This is a pasta salad that my son, "the princeling", loves. It's pretty flexible, so the quantities aren't too specific. Basically, it's a pasta salad that uses sour cream rather than mayonaise as the binder. You can change up the kind of pasta or add almost anything your family likes to this and make it "yours". We have used cubes of Genoa Sausage rather than the tuna, but the princeling didn't like it as well... It makes a big bowl, leftovers hold well for a couple days; they tend to taste even better than the first time around. By the way, I didn't count the cooling time for the pasta in the prep time. You can cool it under running water or stick it overnight in the refrigerator.
- 1 cup sour cream
- 1⁄2 teaspoon dill weed
- 1⁄4 cup dried onion flakes
- 1 (16 ounce) package tri-color spiral pasta, cooked drained, and cooled
- 1⁄2 cup fresh broccoli, blanched
- 1⁄4 cup sliced ripe olives, drained well
- 1 avocado, pitted, peeled, and cubed
- 1 (5 ounce) can tuna (flake it apart)
- 1 (4 ounce) jar bacon bits (DO NOT USE BAC-O's)
- 1 green pepper, chopped small
- 5 -6 grape tomatoes (optional)
- 1⁄4 cup fresh peas (optional)
- Add dill weed and dried minced onion to the sour cream and set aside.
- Place cooled spiral noodles into a large bowl.

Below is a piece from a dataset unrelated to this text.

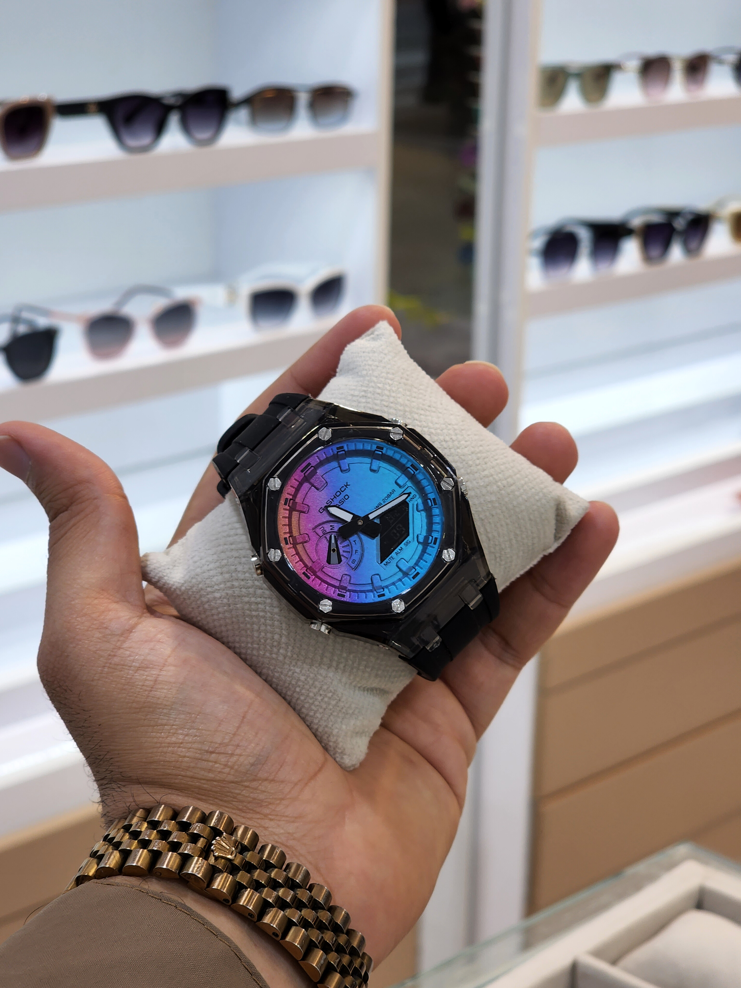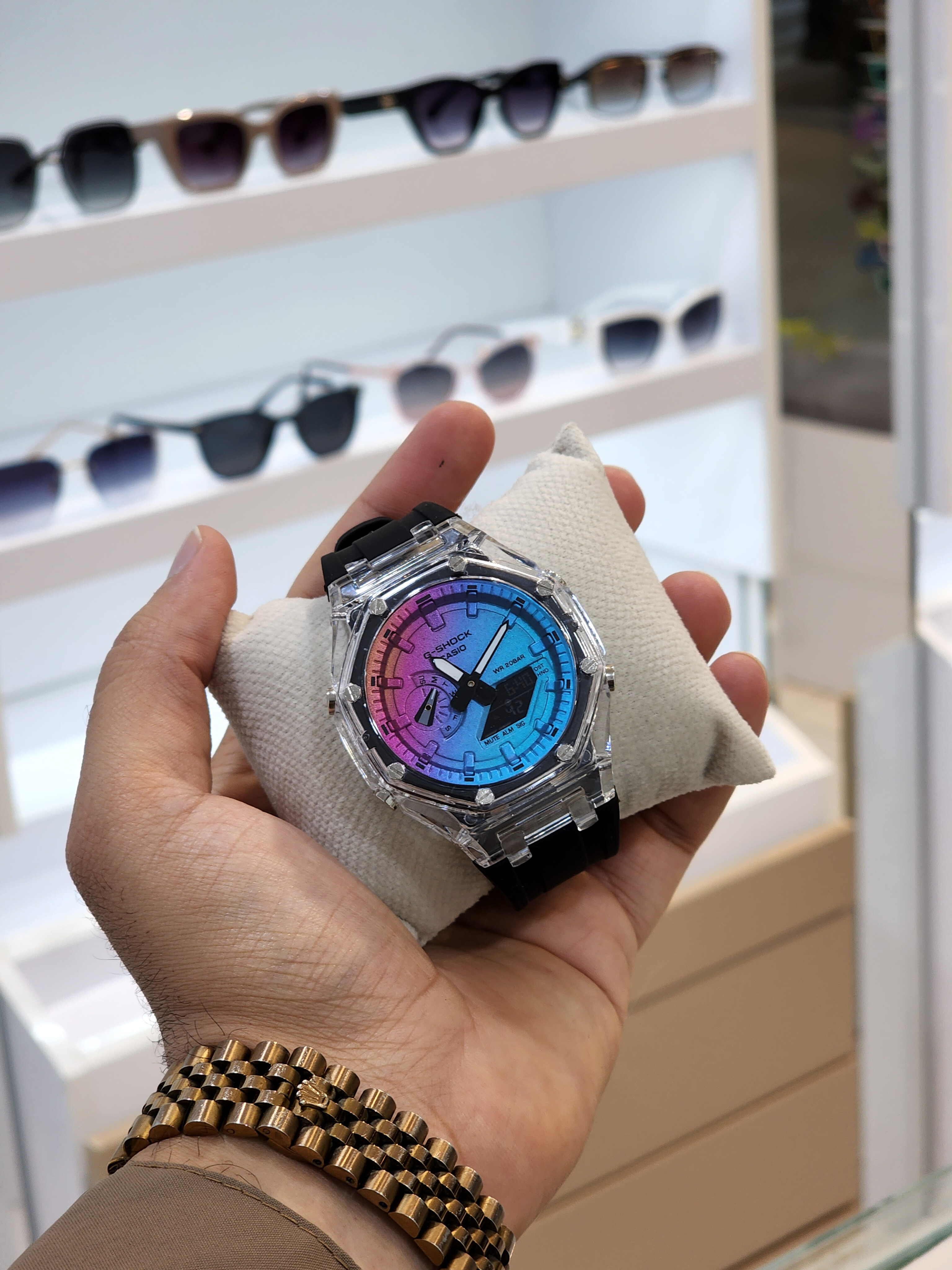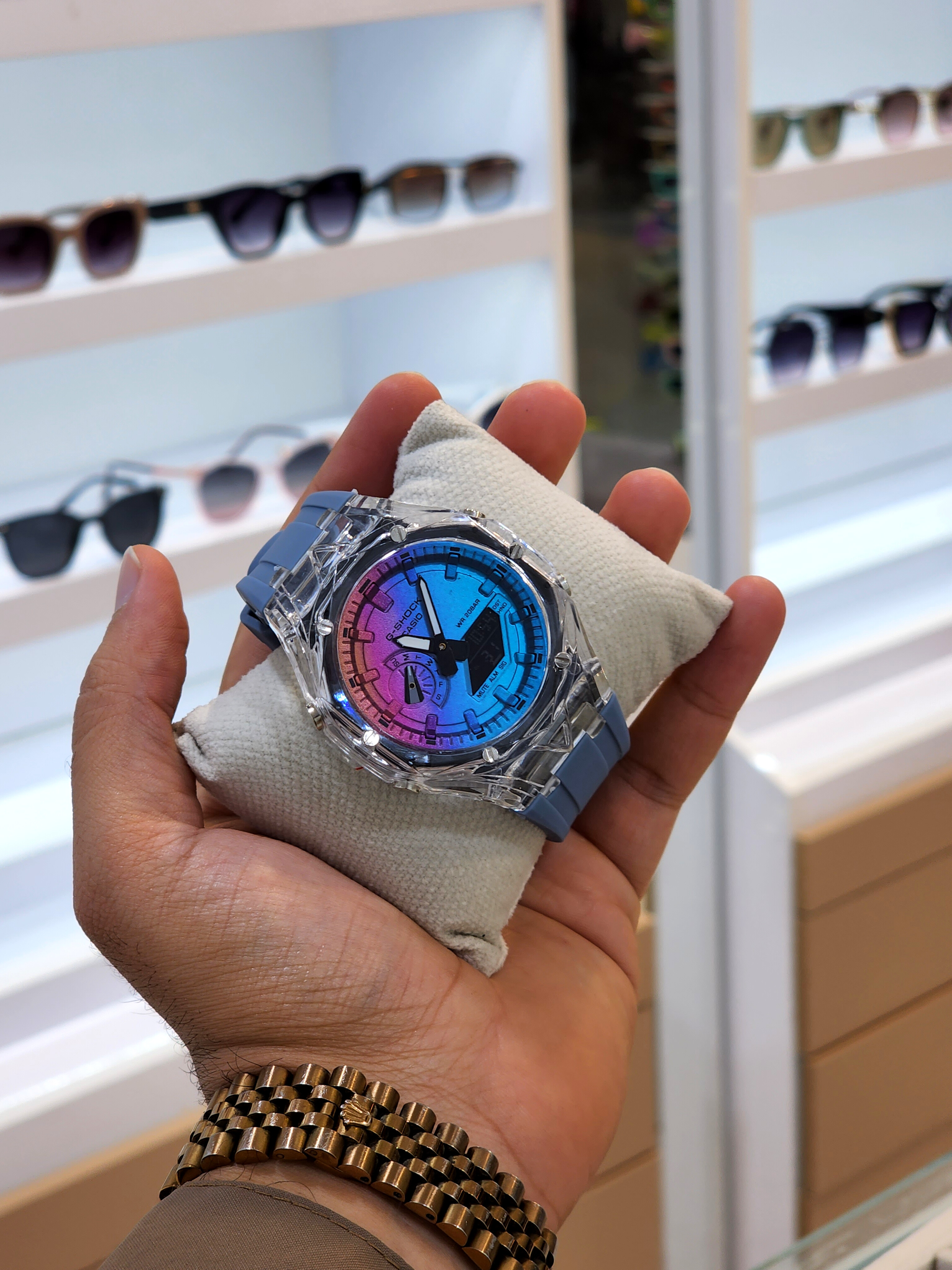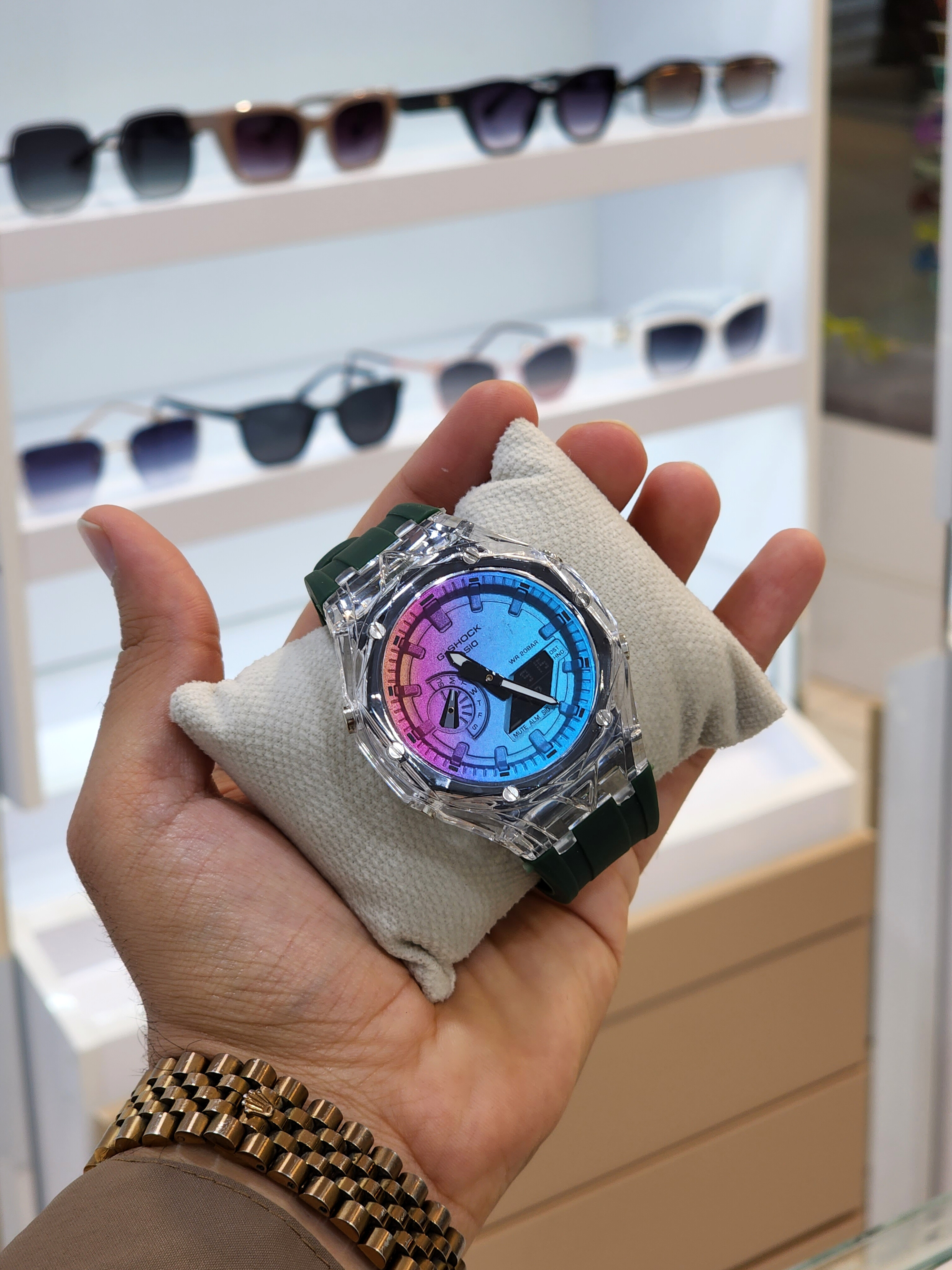 / آبی فسفری / آبی / مشکی / بند سبز / بند مشکی قاب کریستالی

- Add brocoli, black olives, avocado cubes, tuna, bacon bits, green peppers, and whatever optional items you like.
- Toss well so that the add-in items are well distributed.
- Add the sour cream mixture, so that it is throughout the pasta mixture.
- Put the dish in the refrigerator for a few hours or overnight so that the flavors meld well.
- Serrve. It makes a good complete meal for hot summer days.